P.S. Why does [this link on Wikipedia](en.wikipedia.org/wiki/Polar_decomposition) not produce "this link on Wikipedia" with hyperlink to the given URL? Shouldn't it? Because you must put http:// for it to work, or the link won't be parsed.

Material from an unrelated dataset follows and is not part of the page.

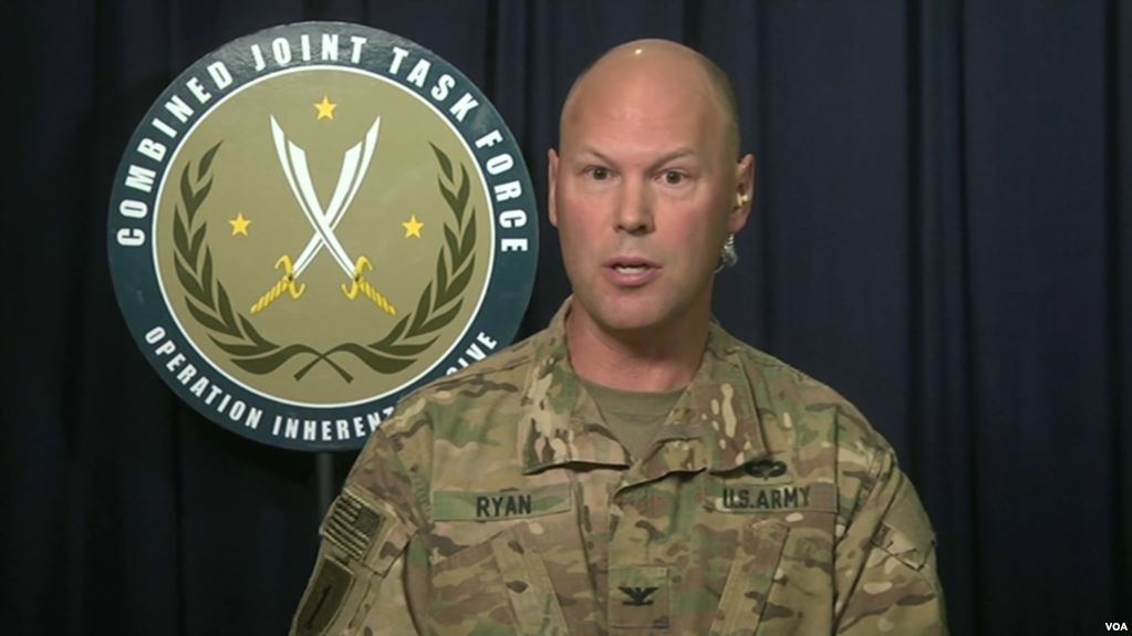 Li gor nûçeya di kanala televizyonê Al-Hurra ya Amerîkî de derket, Berdevkê Hevpeymana Navneteweyî ya Dijî DAIŞê ya di pêşengiya Amerîkayê de Serbaz Sean Ryan, li Abu Dabiya paytextê Mîrektiyên Yekbûyî ya Erebî daxuyaniyek bo çapemeniyê da.
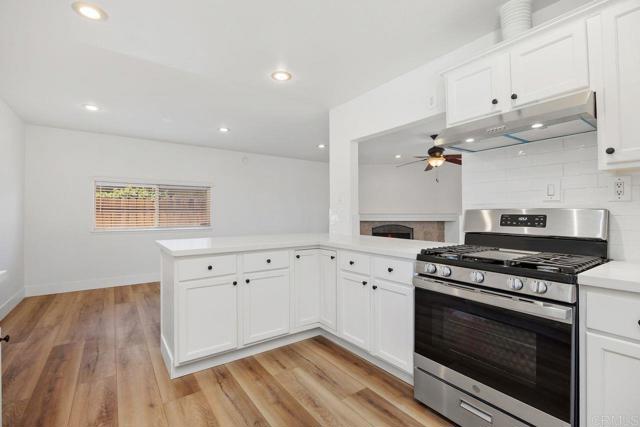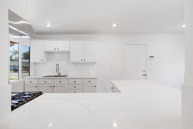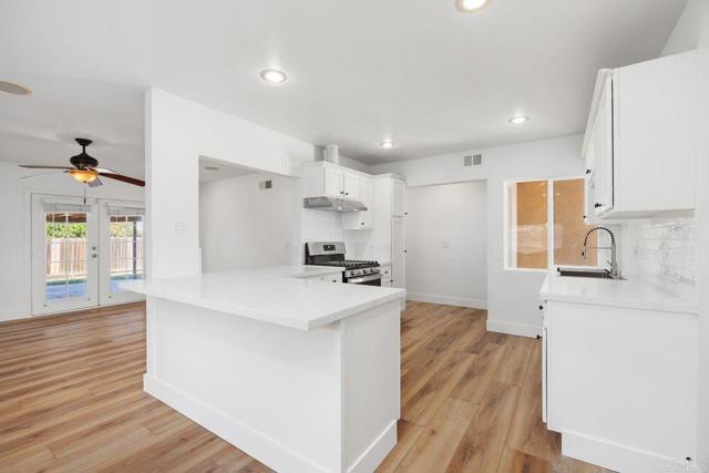 Turnkey single-story perfection in Mission Valley Estates! This beautifully remodeled 3BR/2BA, 1,196 sq. ft. home features a modern, open floor plan with high-end finishes. The chef-inspired kitchen boasts stunning white quartz countertops, while new luxury vinyl flooring, fresh paint, and recessed lighting create a contemporary feel. Both bathrooms have been fully updated with stylish finishes and new vanities. Enjoy the spacious 6,000 sq. ft. lot with a large covered patio perfect for outdoor dining and entertaining. Additional highlights include leased solar for energy efficiency, a 2-car garage, and a prime location just steps from Libby Elementary and close to dining and shopping. Move-in ready with no HOA—this Oceanside gem is a must-see!

P.P.S. I actually only need the statement for real-entry matrixes, i.e. $A\in\mathbb{R}^{n\times n}$, where $^\ast\leadsto^t$ and unitary$\leadsto$orthogonal, and Hermitian$\leadsto$symmetric.
Best Answer
I give here the real version of your equality. Notice that the matrix $A^tA$ is symmetric positive semi-definite then it's diagonalizable and its eigenvalues are non negative: $$A^tA=QDQ^{-1}$$ where $D=\operatorname{diag}(\lambda_1,\ldots,\lambda_n)$ and we can define the square root of $A^tA$ denoted by $\sqrt{A^t A}$ by $$\sqrt {A^tA}=Q\sqrt D Q^{-1}$$ where $$D=\operatorname{diag}(\sqrt\lambda_1,\ldots,\sqrt\lambda_n)$$ so let $P=\sqrt {A^tA}$ and $O=AP^{-1}$ then it's clear that $P$ is symmetric positive semi-definite and we have $$O^tO=(P^{-1})^tA^tAP^{-1}=(P^{-1})^tP^2P^{-1}=I$$ so $O$ is orthogonal.